I’ve been waiting for a little while to get some JD shares ever since I ventured into one of their stores with my trendier younger cousin. I was really impressed by the store layout, the shopping experience and the products on offer. Plus it was absolutely rammed!
Shares plunged on news that margins had come under pressure in the first half as the retailer looked to sustain recent sales growth, although boss Peter Cowgill said this was “anticipated”.
Investors were also a little wary that the trading statement didn’t contain any exact figures but Cowgill hinted that was because, given the earlier timing of Eid this year and the subsequent adjustment of JD’s clearance sale, the numbers wouldn’t provide an accurate comparative at this moment in time.

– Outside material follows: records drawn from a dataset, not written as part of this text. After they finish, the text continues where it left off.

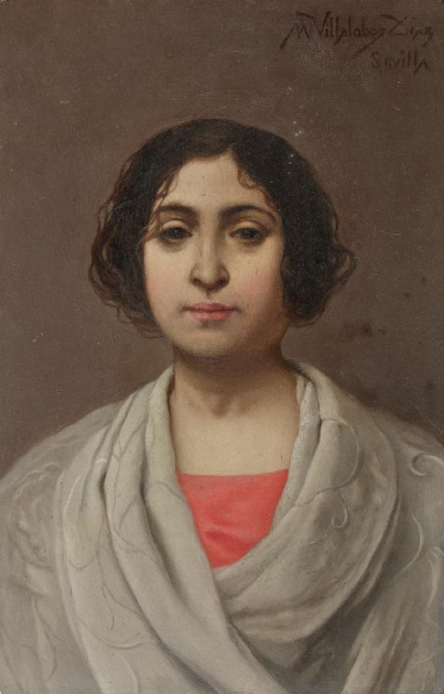 De momento, solo se pueden considerar como un verdadero retrato suyo el realizado por su cuñado Manuel Villalobos Díaz, poco antes de su fallecimiento, y que fue expuesto en la Exposición de Bellas Artes que se celebró en Sevilla en la primavera de 1912 (apenas un año después de su fallecimiento) y del que se habla en el ‘Diario de Córdoba’, diario en el que ella había participado asiduamente. En el comentario que se realiza del mismo no solo se pone de manifiesto y alaba la pericia del artista sino que a través de su análisis se puede observar la profunda estima en la que se tenía a su protagonista, tal como puede deducirse de las palabras de quien firma la crónica: «El autor de dicho retrato (...) ha puesto en su obra todos los entusiasmos del artista, toda su inspiración, el profundo cariño que profesaba a la inolvidable escritora. La corrección del dibujo, la justeza de color del retrato de Olimpia Cobos son tan admirables como su exacto parecido (...) Cuantos se fijen en este lienzo apreciarán, no solo que es el retrato de una mujer hermosa, sino de una mujer buena y de una mujer de talento, lo cual constituye el mérito principal de la obra artística». Que sean su imagen y sus palabras rescatadas de la prensa del momento las que nos queden de referencia para acercarnos a otra mujer que nos dejó una importante aportación al pensamiento femenino del momento, al más adelantado, a aquel que creía en la igualdad de derechos y posibilidades de las mujeres frente a los hombres, también en el campo intelectual.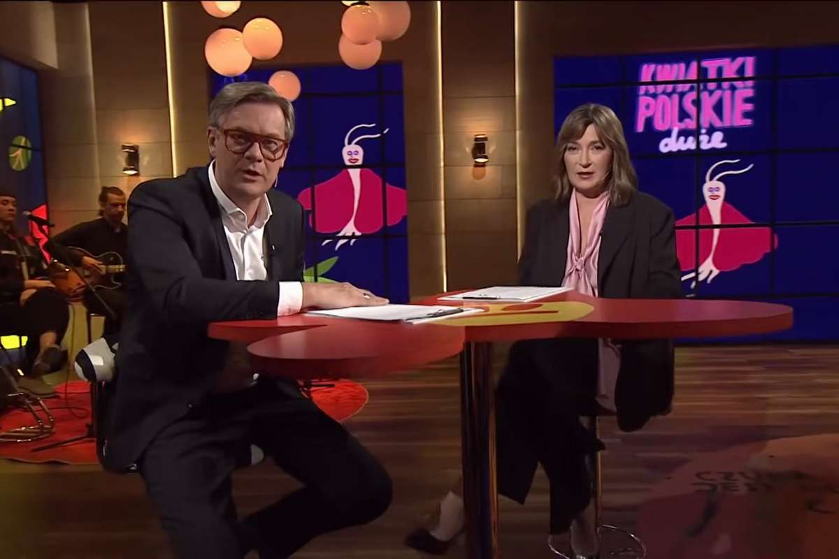 "Kwiatki polskie duże" to mutacja "Kwiatków polskich" realizowana w formule z udziałem publiczności. Prowadzącymi są Grzegorz Markowski i Katarzyna Kasia (screen: YouTube/TVP Info Extra)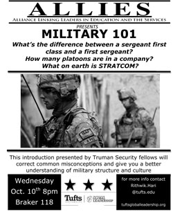 Join ALLIES and the Truman Security fellows for an information introduction to military structure and culture!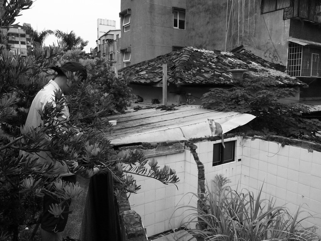 照片裡的風景是台北市京站旁一處日式房舍,位處此等地段,且建築物破敗,以至於我每次打從這經過,都覺得這是我與這棟房子的訣別。今日路過,那噩夢終於成真,國有地的身分也曝了光。而這裡原本有群貓,在有心人有計畫的捕捉、結紮、放養、定期放置乾式貓糧(不容易腐敗引起臭味或蚊蠅孳生)之下,簡直成了繁華大都會裡的貓之私樂園。今天的陽光,想必把地面上的磁磚曬得發燙,那些黑色的、玳瑁色的、黃色的、虎斑紋的,也在這酷暑烈日下,全部人間蒸發了。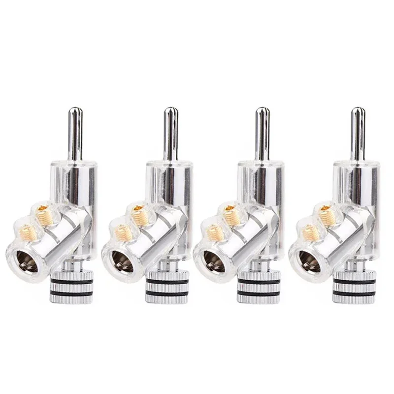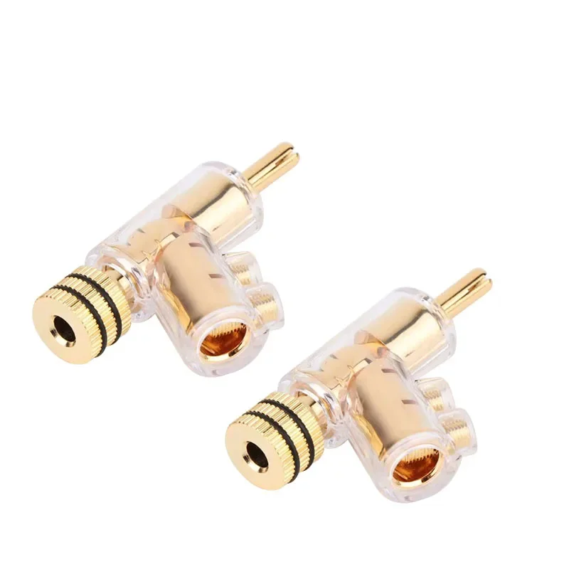 Experience the perfect blend of style and function with this set of four high-end banana connectors, meticulously plated with 24K gold. Designed for audiophiles and professionals alike, these connectors exude a sleek, polished finish that adds a touch of elegance to your audio setup. Their translucent bodies reveal intricate internal components, showcasing craftsmanship and quality. Slightly angled with a prominent gold-plated metal pin, they ensure optimal contact and secure attachment. The color-coded rings—available in red, black, gold, and silver—help you keep wiring organized and matching polarity effortlessly. Compact and durable, these connectors offer corrosion resistance and reliable performance, elevating your high-fidelity audio experience with every connection.

When the Bury-based group releases its interims in a couple of months, I think there could be pleasant surprise in store in terms of sales (or perhaps that’s the eternal optimist inside speaking).
Rest of portfolio chugging along nicely (apart from BT)
As for the rest, it’s been rather uneventful to be honest.
Fevertree Drinks PLC (LON:FEVR) continues to hang around the £17 mark, so I’m waiting for the interims (and hopefully a profit upgrade) to move the share price. Those results should come out in the next few weeks so fingers crossed that US sales have gone through the roof!
I’m still waiting on AstraZeneca PLC (LON:AZN) to unveil the first readout of its key MYSTIC trial which (I feel like I’ve been saying this for weeks now) are due out any day. They were supposed to be here for the midpoint of the year so hopefully the delay isn’t because the study has been a flop.
There was some concern among investors this week on rumours that chief executive Pascal Soriot is to leave for a rival drugmaker, so that’s weighed on the shares although they’re still around the £50 level.
I’m still slightly in the red on this one, but as I’ve said before, I’m happy to hold on as the dividend is still decent even if it’s trimmed this year.
Fevertree – 211 shares @ £9.50. Currently £17.
AstraZeneca – 48 shares @ £42.26. Currently £49.80.
BT – 328 shares @ 305p. Currently 301p.
JD Sports – 500 shares @ 355p. Currently 347p.